* Exercise goal
With the pictures omitted, repeat exactly the lines below starting with the line that has "Печенье сдобное Bisca" and going on through the line that has "襟には立体感のある「ITA」".

==== Input data ====

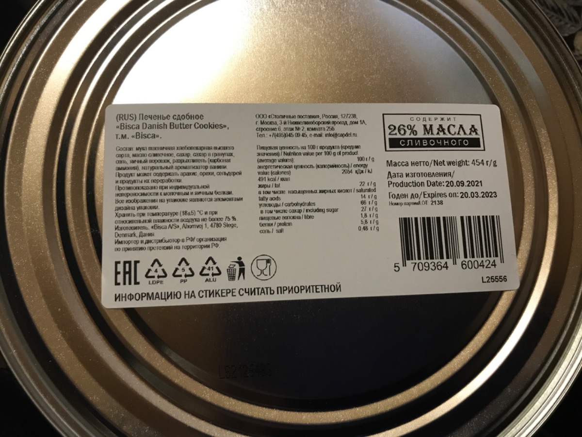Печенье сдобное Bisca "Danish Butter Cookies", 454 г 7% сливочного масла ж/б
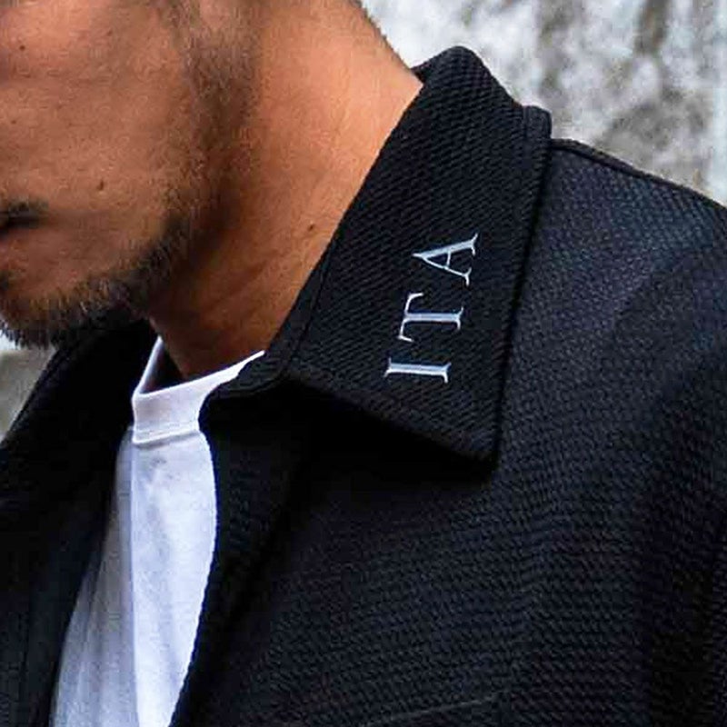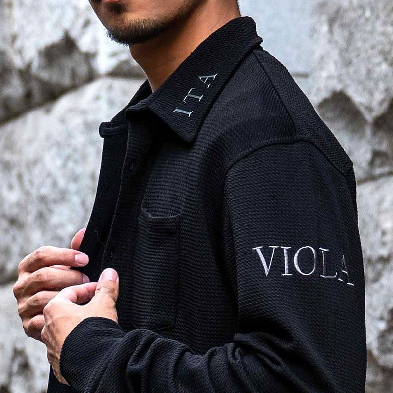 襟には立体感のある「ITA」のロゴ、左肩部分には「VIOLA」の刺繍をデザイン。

====
==== Input data ====

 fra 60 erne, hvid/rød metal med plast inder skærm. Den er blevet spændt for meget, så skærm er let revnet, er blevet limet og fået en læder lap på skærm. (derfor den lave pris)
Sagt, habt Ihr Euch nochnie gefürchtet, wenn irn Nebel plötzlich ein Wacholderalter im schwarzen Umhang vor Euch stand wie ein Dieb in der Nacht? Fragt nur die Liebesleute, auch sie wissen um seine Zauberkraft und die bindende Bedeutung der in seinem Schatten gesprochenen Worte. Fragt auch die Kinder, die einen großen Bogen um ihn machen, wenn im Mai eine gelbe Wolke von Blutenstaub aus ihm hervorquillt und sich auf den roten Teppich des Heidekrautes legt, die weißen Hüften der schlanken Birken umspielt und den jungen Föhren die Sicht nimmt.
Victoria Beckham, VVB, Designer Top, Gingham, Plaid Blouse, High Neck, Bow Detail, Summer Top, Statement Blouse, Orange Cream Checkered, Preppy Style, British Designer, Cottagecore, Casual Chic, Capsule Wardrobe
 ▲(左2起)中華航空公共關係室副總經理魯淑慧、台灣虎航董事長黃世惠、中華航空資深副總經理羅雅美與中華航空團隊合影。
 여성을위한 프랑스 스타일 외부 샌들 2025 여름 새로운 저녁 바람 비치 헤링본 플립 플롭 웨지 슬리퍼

====
==== Input data ====

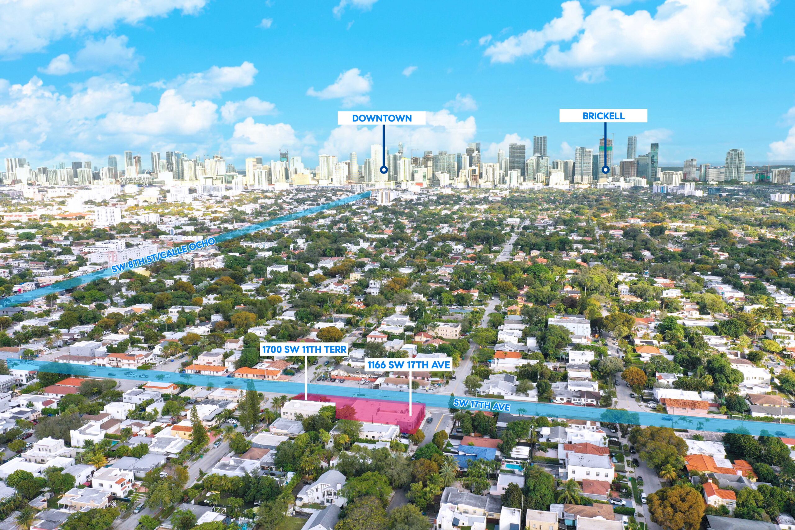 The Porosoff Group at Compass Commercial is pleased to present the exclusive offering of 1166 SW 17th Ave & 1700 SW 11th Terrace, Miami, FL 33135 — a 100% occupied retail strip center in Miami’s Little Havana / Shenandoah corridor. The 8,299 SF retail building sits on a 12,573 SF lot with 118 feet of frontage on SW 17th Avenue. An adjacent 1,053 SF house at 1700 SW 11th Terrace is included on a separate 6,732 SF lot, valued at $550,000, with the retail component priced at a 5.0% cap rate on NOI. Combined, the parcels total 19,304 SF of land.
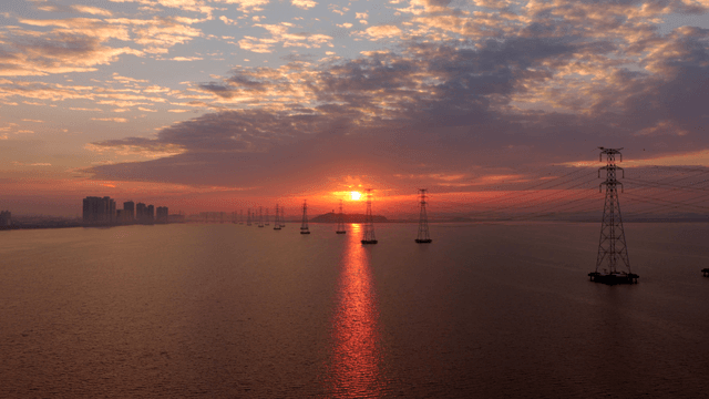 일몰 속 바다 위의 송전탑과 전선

====

* Answer space
Печенье сдобное Bisca "Danish Butter Cookies", 454 г 7% сливочного масла ж/б
 襟には立体感のある「ITA」のロゴ、左肩部分には「VIOLA」の刺繍をデザイン。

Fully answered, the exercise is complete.